Insights

The EU Single Accounting Directive

By Ben Scicluna

The Directive sets out EU accounting rules for micro, small, medium and large entities, of which the thresholds are set out in the table below. The rules govern the preparation of statutory financial statements, and do not concern internal management accounting which remains a private internal matter.  Also, the requirement under various laws and regulations to maintain appropriate underlying accounting records is not affected by these provisions.

In 2009 Malta had published local accounting rules, known as General Accounting Principles for Smaller Entities (or GAPSE), as an option available to those qualifying entities that preferred to move away from the EU-IFRS default accounting requirements. The applicable GAPSE quantitative thresholds for non-State Owned entities were based on the EU Medium levels, as also shown below.

  Micro2
Small2
GAPSE1 Medium2
  Current New Non-State Owned Current New
        MS Option      
Balance sheet total

€350k < €4.4m < €4.0m < €6.0m < 17.5m < €17.5m < €20.0m
Turnover €700k < €8.8m < €8.0m < €12.0m < €35.0m < €35.0 m < €40.0m
Avg. No. of employees 10 < 50 < 50 < 50 < 250 < 250 < 250

 

1. Not to exceed 1
2. Not to exceed 2

It is estimated that 95% of Malta’s businesses are micro entities, while 99% are small (medium - just under 1%; large - minimal percentage).

The micro-entity regime is optional to Member States, taking into account in particular the situation at national level regarding the number of companies covered by the applicable size criteria. The provisions were approved in March 2012 and were reproduced in the newly approved Single Accounting Directive. Some highlights, based on maximum utilisation of exemption options, are as follows:

  • Only abridged balance sheet and abridged profit & loss account.
  • No notes except footnotes on the balance sheet re commitments by way of guarantees & security provided; and advances to directors & any related commitments by way of guarantees.
  • Cash accounting permitted for certain expenditure, with the rest using accruals accounting; a balance sheet footnote stating so would be required.
  • No fair values permitted.
  • Specifically stated in the Directive that the result shall be regarded as giving a true & fair view.

Similarly, also based on maximum utilisation of exemption options, some highlights of the reduced disclosure regime for small entities are as follows:

  • Only abridged balance sheet and abridged profit & loss account.
  • 5 notes, of which 1 is accounting policies [5 further notes are MS options].
  • 3 further circumstantial notes [i.e. in case of revaluations, fair values, and exceptional P/L items].
  • Substance over form is a Member State option.
  • A true & fair view is required; such additional information as is necessary to comply with this requirement shall be given in the notes.

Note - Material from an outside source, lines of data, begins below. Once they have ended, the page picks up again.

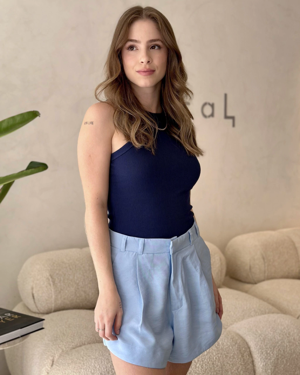 Básica, mas nada óbvia. A Regata Klum traz um shape ajustado com tecido canelado e elasticidade na medida certa para valorizar o corpo com conforto. A gola levemente mais alta e o acabamento nas cavas dão um toque moderno à peça.Versátil, ela transita do look casual com jeans à produção mais sofisticada com alfaiataria e acessórios.
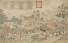 - "The Victory of Khorgos". The partisans of Amursana were defeated in 1758 by Prince Cäbdan-jab. Painting by Jean Denis Attiret.[45]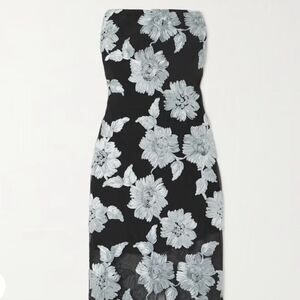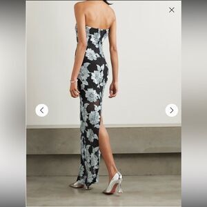 ROTATE Birger Christensen's maxi dress is perfect for parties. It's made from recycled-mesh underpinned by a mini slip and appliquéd with satin ribbons in the shape of flowers. Make the most of the strapless neckline with a dusting of highlighter on your collarbones.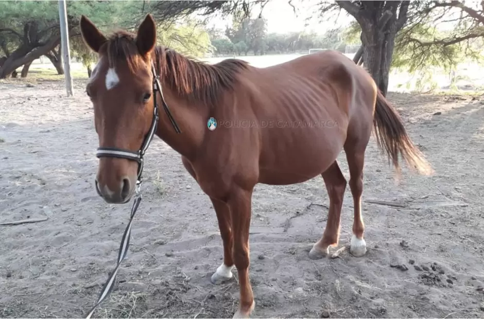 Ayer, a las 19:00, en la ruta nacional N° 38, a la altura del establecimiento de Ganadería Provincial, Capayán, efectivos de la División Policía Montada, dependiente de la Dirección de Unidades Especiales de la Policía de la Provincia, procedieron al secuestro de un caballo pelaje negro frontino, con marca de fuego en pierna izquierda, parte superior “B” e inferior “89”, y de una yegua tostada frontina, sin marca de fuego visible.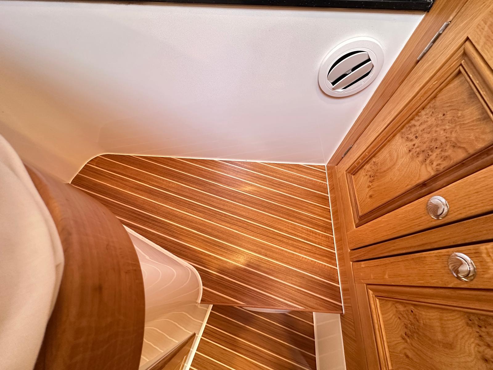 Leather seat cushions that sit on Corian sides in forward cabin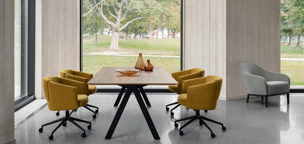 A mix of overlapping fabrics creates the same character and contrasts as when a chair or sofa is complemented with a loose throw or other textiles. Now the series has been extended with NORMA conference chair, which combines an air of exclusivity with the ultimate in seating comfort.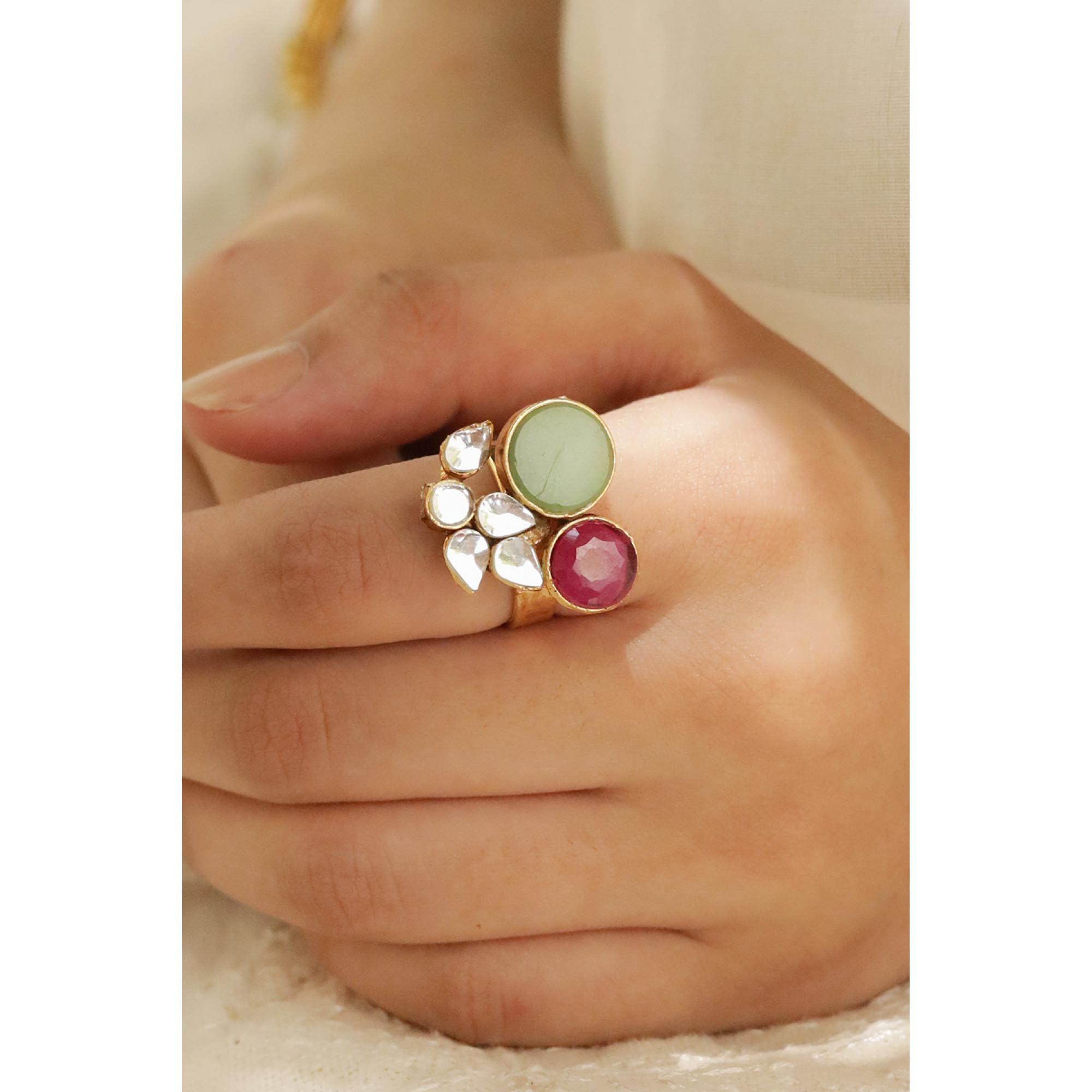 18k gold plated, kundan, light green and pink chetham stone with off white pearls setting.(adjustable ring, no size required).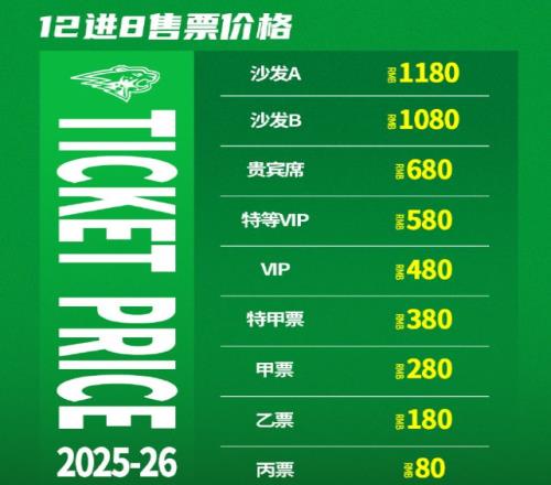 首先,遼籃季后賽首輪主場的門票一共分為9檔,其中沙發(fā)(A座)的票價為1180元,沙發(fā)(B座)為1080元,貴賓席的票價為680元,特等VIP票為580,VIP票為480元,特甲票為380元,甲票為280元,乙票為180元,丙票為80元。

Clearly there is a contrast between the above requirements and existing practice, even under GAPSE.

The interaction of these developments with the true & fair provisions is unclear. UK legal counsel [e.g. Martin Moore QC to the Financial Reporting Council - 21 April 2008] on the true and fair concept was on the lines of: ‘The concept is dynamic, evolving and subject to continuous rebirth. Accordingly, the detailed provisions of the Schedules to the Companies Act may have to yield to the overriding requirement to produce accounts which give a true and fair view. These factors … all serve to increase the likelihood that a Court would hold that compliance with a[n accounting] standard is necessary to meet the true and fair requirement.’

There is a school of thought that the extent of disclosures will be a judgement call for each individual set of annual accounts in order to determine whether the extent of disclosure is enough to meet the true and fair requirement in each individual case. If this were to be so, the case for achieving greater harmonisation in the EU risks being thwarted.

The position re statutory audit remains unchanged, i.e. Member State option.

There is a two year period for transposition into local law. GAPSE will have to be amended.